=== LISTED RECORDS ===

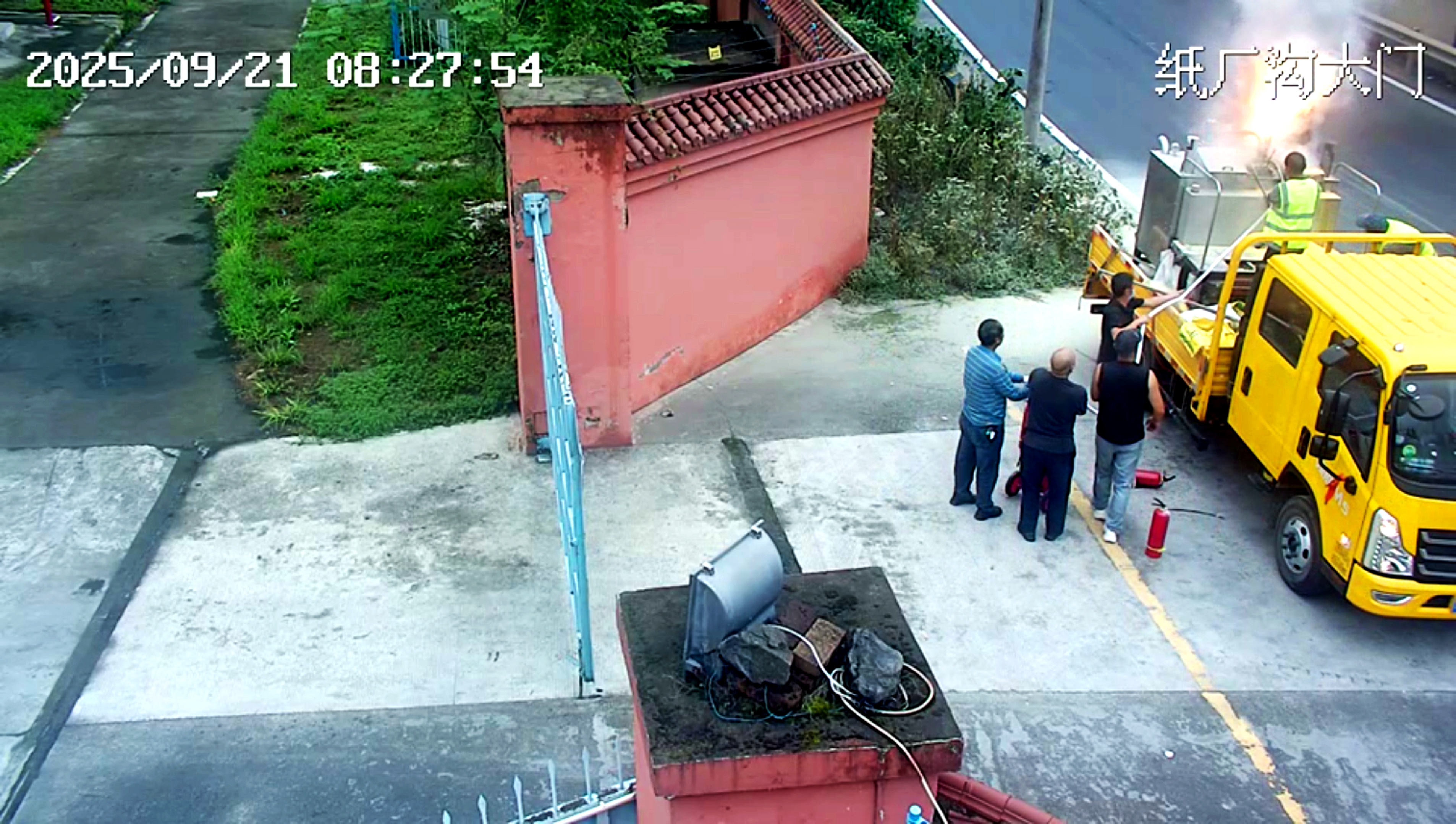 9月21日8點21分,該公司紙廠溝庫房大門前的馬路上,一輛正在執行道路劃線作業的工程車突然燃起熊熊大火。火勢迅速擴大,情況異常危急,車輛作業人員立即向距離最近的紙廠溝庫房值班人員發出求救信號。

===
=== LISTED RECORDS ===

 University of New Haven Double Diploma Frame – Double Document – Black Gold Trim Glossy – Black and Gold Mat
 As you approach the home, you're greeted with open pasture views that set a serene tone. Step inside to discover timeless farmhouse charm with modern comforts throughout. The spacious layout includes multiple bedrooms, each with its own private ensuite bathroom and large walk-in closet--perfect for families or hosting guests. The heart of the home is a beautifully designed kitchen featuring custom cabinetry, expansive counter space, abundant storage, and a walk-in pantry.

===

WORK TO COMPLETE. Reproduce exactly, and only, the part of the listing above that begins at the line with "University of New" and goes on through the line with "As you approach".

TASK OUTPUT.
 University of New Haven Double Diploma Frame – Double Document – Black Gold Trim Glossy – Black and Gold Mat
 As you approach the home, you're greeted with open pasture views that set a serene tone. Step inside to discover timeless farmhouse charm with modern comforts throughout. The spacious layout includes multiple bedrooms, each with its own private ensuite bathroom and large walk-in closet--perfect for families or hosting guests. The heart of the home is a beautifully designed kitchen featuring custom cabinetry, expansive counter space, abundant storage, and a walk-in pantry.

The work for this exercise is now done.